Florida resident Zhe “John” Liu “owned, operated, controlled, and was an agent of” multiple entities that imported steel hangers, including CEK, the complaint said. The companies imported the hangers from China, but claimed they came from other countries, including Thailand, India and Malaysia.
Liu began lying about the hangers’ country of origin after the Department of Commerce set a China-wide antidumping duty rate of 186.98%, the U.S. said. Initially, Liu acknowledged that the hangers he was importing came from China and paid the duties for them. However, he began discussing engaging in the deception with other parties around 2011, it said. A domestic petitioner filed an Enforce and Protect Act claim against him in 2017.
That year, the government conducted a site visit of Liu’s alleged exporters in Malaysia and discovered they were not manufacturing wire hangers, it said. Less than three weeks later, the company Liu had set up to work with those exporters was dissolved, it said.

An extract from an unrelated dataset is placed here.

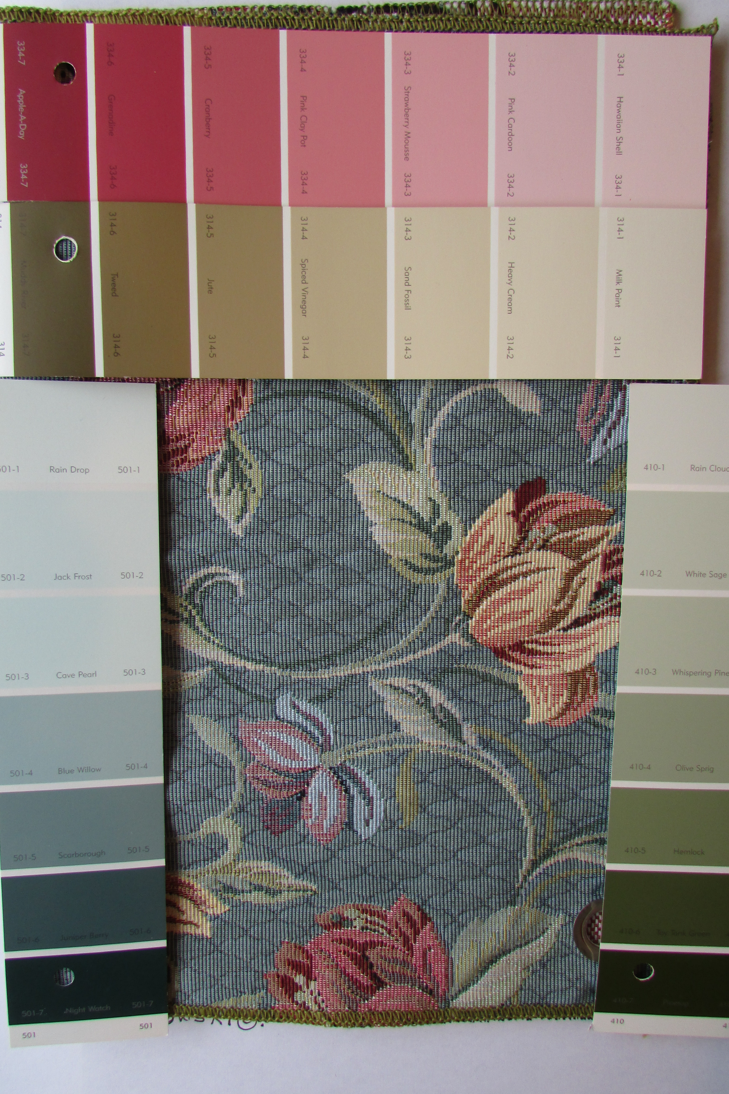 IMG_0085 The above fabric sample is a perfect example of a an inspiration piece. The fabric is a grayed blue-green, which has yellow / golden undertones. The green part of the blue-green says yellow / gold was added. The four paint color strips surrounding the fabric sample show shades, tone and tints of the colors seen/ pulled from the fabric. Any of the lighter versions of the gold, yellow-green and grayed blue-green would be the perfect neutrals to work with, in your home, if this fabric was something you were using. The darker tones on the strips would be great for accent walls.

Throughout this time, Liu repeatedly demonstrated his thorough knowledge of antidumping duties to other parties, the complaint said.
And on top of lying about their country of origin, it said, Liu also filed his claimed Thai-origin hangers under the wrong Harmonized Tariff Schedule heading, enabling him to escape a 3.9% duty on those entries.
It charged Liu that and his remaining company, CEK, had committed fraud. If not, it said, they had committed either gross negligence or negligence.